• _Problem description_:
Starting with the line that holds "Une écharpe en" and stopping after the line that holds "Figure 5 illustrates", repeat the lines below word for word, without the pictures.

• _Material for the task_:
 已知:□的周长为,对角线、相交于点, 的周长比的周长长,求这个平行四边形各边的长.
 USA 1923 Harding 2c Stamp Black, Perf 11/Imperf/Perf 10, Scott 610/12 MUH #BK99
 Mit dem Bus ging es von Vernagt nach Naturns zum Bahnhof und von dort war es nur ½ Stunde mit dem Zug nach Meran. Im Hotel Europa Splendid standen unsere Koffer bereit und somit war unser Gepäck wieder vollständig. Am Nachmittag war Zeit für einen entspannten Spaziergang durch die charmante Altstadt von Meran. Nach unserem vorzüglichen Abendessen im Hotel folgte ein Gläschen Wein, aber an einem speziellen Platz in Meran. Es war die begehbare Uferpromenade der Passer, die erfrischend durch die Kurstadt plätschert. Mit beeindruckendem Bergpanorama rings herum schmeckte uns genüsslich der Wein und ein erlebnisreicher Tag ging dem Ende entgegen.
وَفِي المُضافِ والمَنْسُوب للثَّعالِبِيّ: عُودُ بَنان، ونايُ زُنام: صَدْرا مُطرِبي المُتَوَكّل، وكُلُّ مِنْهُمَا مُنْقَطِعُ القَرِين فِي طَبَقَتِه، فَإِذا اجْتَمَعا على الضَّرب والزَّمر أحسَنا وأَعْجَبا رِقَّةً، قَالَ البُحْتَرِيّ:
---
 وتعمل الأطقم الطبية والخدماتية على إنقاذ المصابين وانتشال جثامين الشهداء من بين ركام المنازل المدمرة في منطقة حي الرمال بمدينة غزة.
---
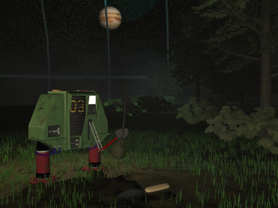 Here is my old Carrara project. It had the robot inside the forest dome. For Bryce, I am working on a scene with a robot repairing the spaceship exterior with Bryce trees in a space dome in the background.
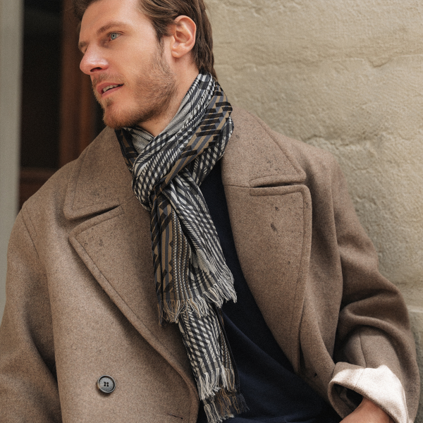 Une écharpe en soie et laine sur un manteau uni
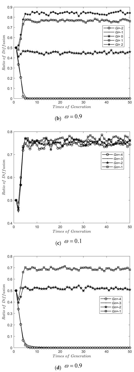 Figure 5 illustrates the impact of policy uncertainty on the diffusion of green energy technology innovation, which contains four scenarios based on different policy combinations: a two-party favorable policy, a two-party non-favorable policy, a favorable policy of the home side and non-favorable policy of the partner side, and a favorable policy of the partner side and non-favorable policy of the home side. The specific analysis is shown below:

• _Answer space_:
 Une écharpe en soie et laine sur un manteau uni
 Figure 5 illustrates the impact of policy uncertainty on the diffusion of green energy technology innovation, which contains four scenarios based on different policy combinations: a two-party favorable policy, a two-party non-favorable policy, a favorable policy of the home side and non-favorable policy of the partner side, and a favorable policy of the partner side and non-favorable policy of the home side. The specific analysis is shown below:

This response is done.